Issue 17-176 Consumer Price Index (CPI)
December 21, 2017
British Columbia’s consumer price index (CPI) rose 2.6% (unadjusted) in November compared to the same month of the previous year. The year-over-year rate of inflation was up 0.2% from October.
According to Statistics Canada, the overall annual inflation rate of 2.6% increases to 2.7% when food is excluded from the index, and declines to 2.1% when energy is excluded.
The overall cost of food climbed 2.1% since November of last year. The cost of groceries purchased from stores went up (+1.7%), with the cost of meals purchased from restaurants also increasing (+2.8%) during the same time period. Within the food category, the highest rise in prices was for fresh vegetables (+5.6%), followed by fish and other seafood (+4.8%) and meat (+4.7). Prices fell in November for bakery and other cereal products (‑0.9%) and dairy products and eggs (‑0.5%).

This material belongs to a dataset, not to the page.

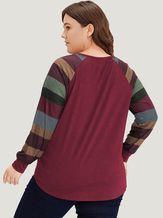 Colour Striped Patchwork Patched Pocket Raglan Sleeve T-shirt
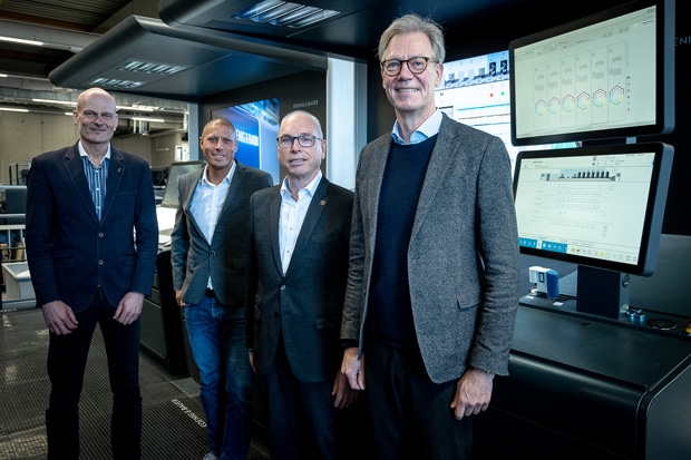 Koenig & Bauer erweitert die Partnerschaft mit System Brunner: V.r.n.l. Ralf Sammeck, Vorstandsmitglied Koenig & Bauer und Geschäftsführer Koenig & Bauer Sheetfed, Daniel Würgler, Vorstand und Managing Owner, System Brunner, Daniel Pfeiffer, Managing Director, System Brunner, und Dirk Winkler, Bereichsleiter Verfahrenstechnik, Koenig & Bauer Sheetfed, am Leitstand einer Rapida 145, die mit Instrument Flight von System Brunner ausgerüstet ist.(Bild: System Brunner)

The cost of shelter went up in November (+3.0%), with prices for both renters (+1.2%) and home owners (+3.8%) rising. Within the shelter category, there was a large increase in the cost of fuel oil and other fuel (+14.5%), while electricity (+3.4%) also increased over November 2016. Piped gas (‑0.4%) decreased.
The transportation index rose 5.6% since November 2016, with the price of both private transportation (+5.4%) and public transportation (+7.2%) going up. There was a jump in the price of gasoline (+19.2%) since November 2016, and travellers paid more for inter-city public transportation (+9.2%) compared to the previous year.
The overall cost of clothing and footwear fell (‑0.9%) in November as the price of clothing (‑1.8%) and footwear (‑0.7%) both saw decreases.
Compared to a year ago, consumers paid more for alcoholic beverages and tobacco products (+2.9%), health and personal care (+1.5%), recreation, education and reading (+1.4%), and household operations and furnishing (+0.7). Within these categories, some items with significant price increases include reading material and other printed matter (+8.5%), cigarettes (+3.9%), and health care (+3.0%).
Consumer prices rose in both Vancouver (+3.0%) and Victoria (+2.1%) in November.
Canada’s CPI rose 2.1% (unadjusted) in November. The rate of inflation in B.C. (+2.6%) ranks fourth highest amongst the provinces, trailing Saskatchewan (+3.7%), Manitoba (+3.2%), and New Brunswick (+2.7%). The inflation rates for the other provinces ranged from a high of 2.5% in Alberta to a low of 1.8% in Nova Scotia.